Matt McGuirk teaches and lives with his wife and two daughters in New Hampshire. He was a BOTN 2021 nominee, is now a regular contributor at Fevers of the Mind and has poems and stories published in over 75 literary magazines with over 100 accepted pieces. His debut collection, Daydreams, Obsessions, Realities with Alien Buddha Press is available on Amazon, linked at the end of the bio and also on his website. Follow him on Twitter: @McguirkMatthew and Instagram: @mcguirk_matthew.
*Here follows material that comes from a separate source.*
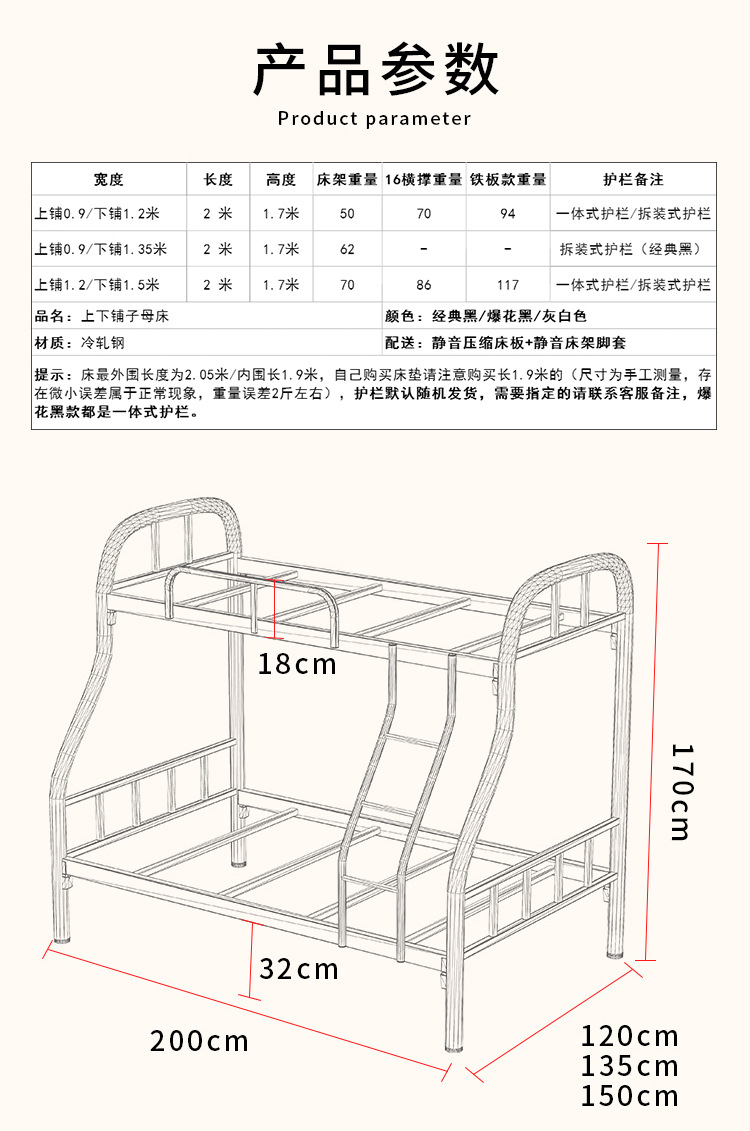 • ☆★매트 블랙 상부 침대 폭 09m / 하부 침대 폭 135m (강화 및 두꺼운 버전)☆★

Website: http://linktr.ee/McGuirkMatthew
Daydreams, Obsessions, Realities: https://www.amazon.com/Daydreams-Obsessions-Realities-hybrid-collection/dp/B09M5KY8HH/ref=tmm_pap_swatch_0?_encoding=UTF8&qid=&sr=
The Wild West
My wife bought me a leatherbound, hand-stitched notebook for Christmas and it got me thinking about what I could put in there. It’s something from a time far removed, one where we weren’t on sensory overload all the time. The gift belonged somewhere out in the wild west, far from buzzing phones and chattering TVs. You know, there’s something romantic about that time too, it all makes sense though: the slowness of life, the gravity of the stories around the glow of the campfire, the sizzle and sparks and raw meat seasoned with just the cast iron you carry in your sack. There’s something beautiful in the nothingness out there and the way each day could be your last: the firing bullets in streets or a saloon, disease cutting lives short like starving wolves brandishing teeth or just getting lost in the abyss of sand, one foot in front of the other until they all just disappear in a swirl. The notebook is still blank, but I’m sure an adventure will end up in there someday.
Heart of a White Pine
Cones clad with bristled skin, but hold a heart that will grow beautiful in time. If their needles drop to hard New England soil, they fall as one, five needles pinwheeling together in bursts of snow. Lower branches shed like snake skin, the tree isn’t worried about past seasons and is always looking at the constellations above.
Backstory through a Photo
“That’s your uncle.” “I know he’s a little thinner and a lot younger, but that’s him.” Her eyes sparkle, but I can tell she’s still wondering where this one has gone and who brought in the new one. I notice the sideways smile, that night’s lighting, the faint traces of cigarette smoke and I’m sure I can feel the rhythm of the music, even through the photo. I imagine the twisting bodies on the dancefloor and the DJ’s lights bursting through glasses like prisms. All of them blanketed in the night’s moisture, the loud voices coming in muffled under the music’s roar. I looked back at her and assured her that was him; the uncle that traced letters with his fingers in playdough or played peek-a-boo behind the newspaper. It was him, but from a different time before anyone called him uncle or me, dad or mom, mom.